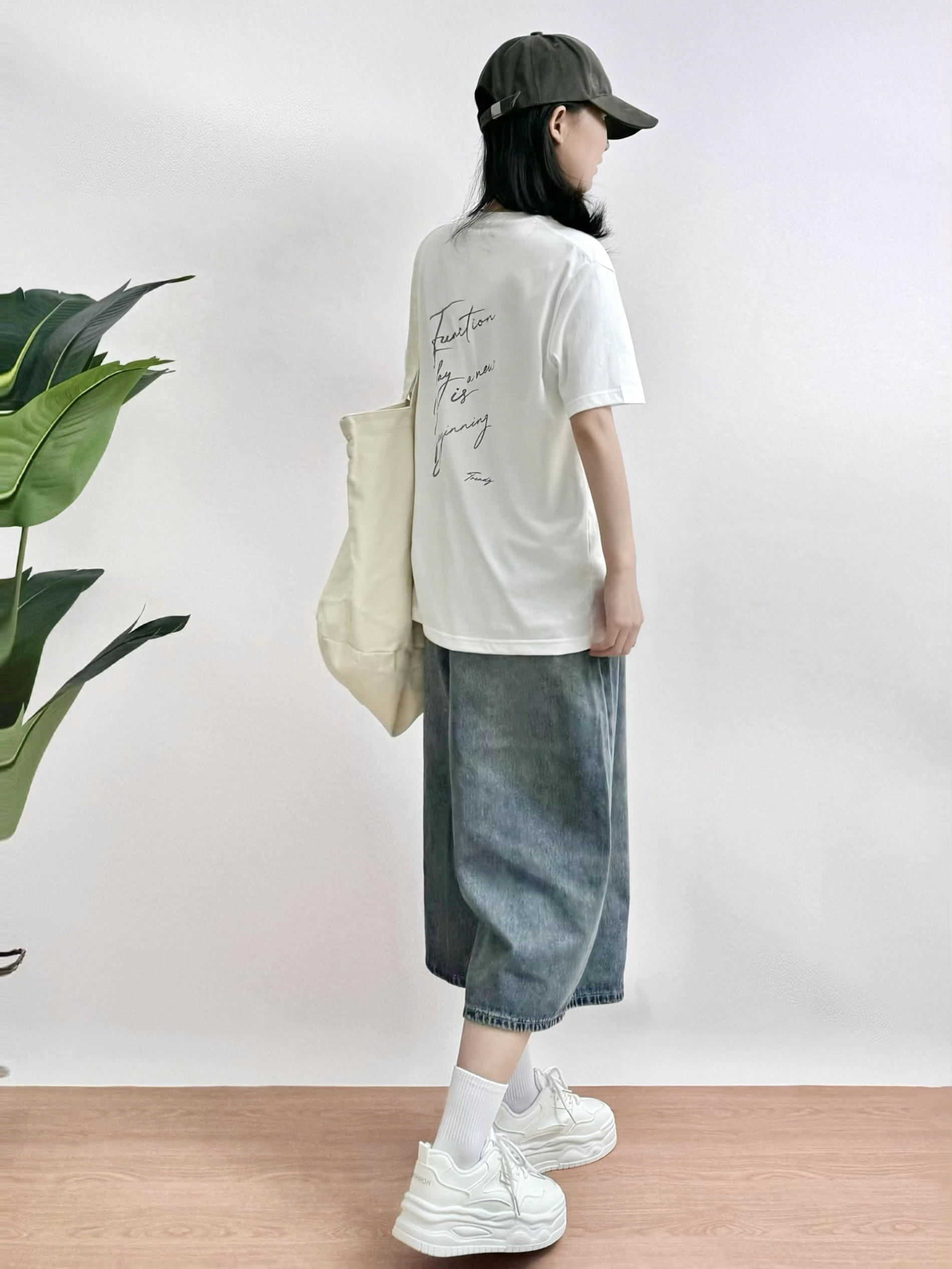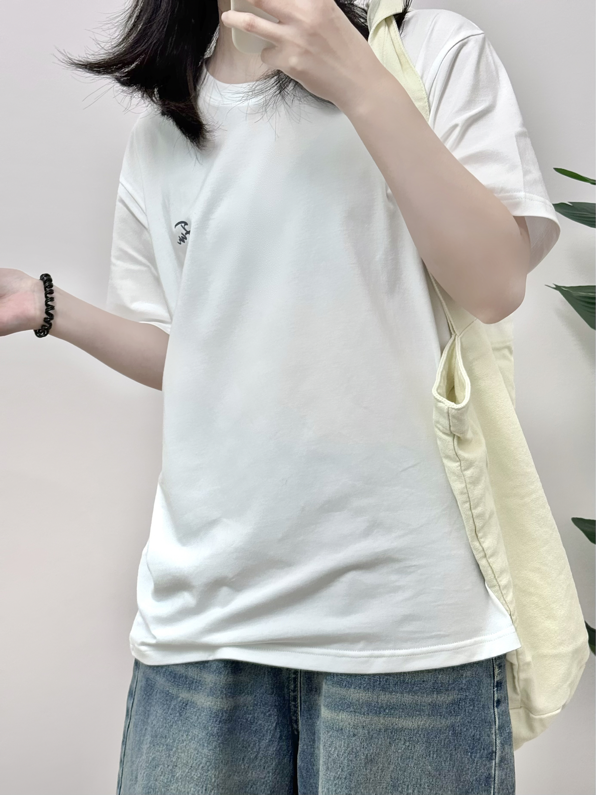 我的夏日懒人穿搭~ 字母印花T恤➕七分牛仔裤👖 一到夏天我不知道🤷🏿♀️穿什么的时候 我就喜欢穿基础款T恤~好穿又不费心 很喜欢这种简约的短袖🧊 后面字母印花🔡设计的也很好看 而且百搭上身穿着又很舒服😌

....

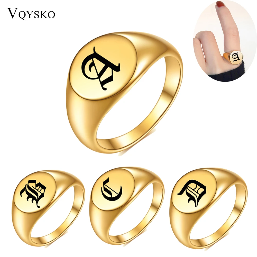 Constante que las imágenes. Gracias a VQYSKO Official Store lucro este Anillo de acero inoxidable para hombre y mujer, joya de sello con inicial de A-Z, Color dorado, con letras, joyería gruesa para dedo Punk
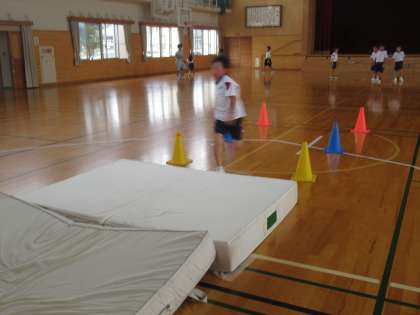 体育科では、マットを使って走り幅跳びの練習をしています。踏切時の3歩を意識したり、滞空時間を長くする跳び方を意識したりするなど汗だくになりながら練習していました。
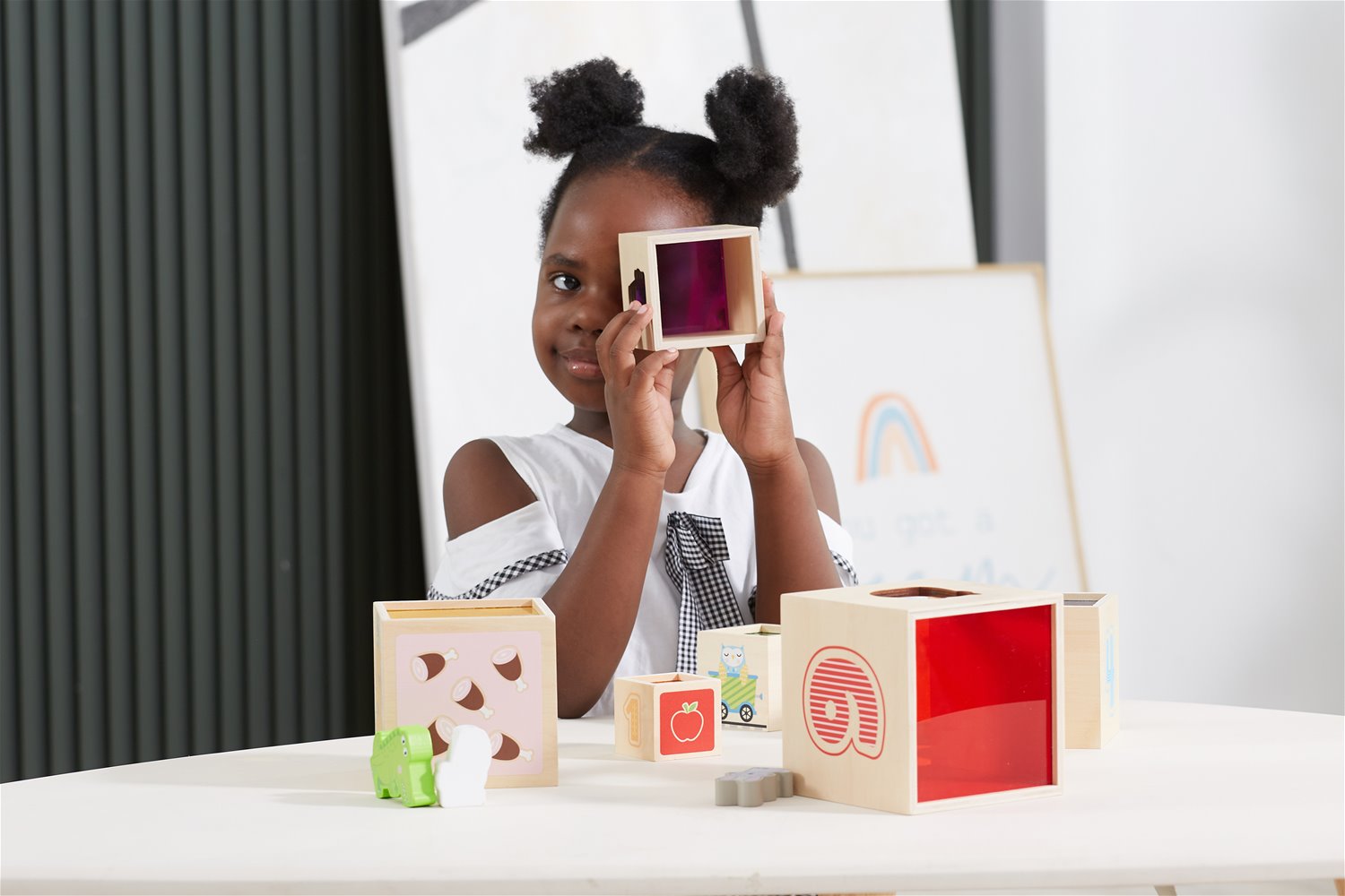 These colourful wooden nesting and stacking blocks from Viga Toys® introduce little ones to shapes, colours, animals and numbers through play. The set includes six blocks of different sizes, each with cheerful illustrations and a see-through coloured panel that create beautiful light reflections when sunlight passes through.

....

• _REQUIRED WORK_: Everything from the line above that contains "Constante que las" down to the line that contains "These colourful wooden" must be reproduced exactly, both ends included. Omit the pictures.

• _REPLY_:
 Constante que las imágenes. Gracias a VQYSKO Official Store lucro este Anillo de acero inoxidable para hombre y mujer, joya de sello con inicial de A-Z, Color dorado, con letras, joyería gruesa para dedo Punk
 体育科では、マットを使って走り幅跳びの練習をしています。踏切時の3歩を意識したり、滞空時間を長くする跳び方を意識したりするなど汗だくになりながら練習していました。
 These colourful wooden nesting and stacking blocks from Viga Toys® introduce little ones to shapes, colours, animals and numbers through play. The set includes six blocks of different sizes, each with cheerful illustrations and a see-through coloured panel that create beautiful light reflections when sunlight passes through.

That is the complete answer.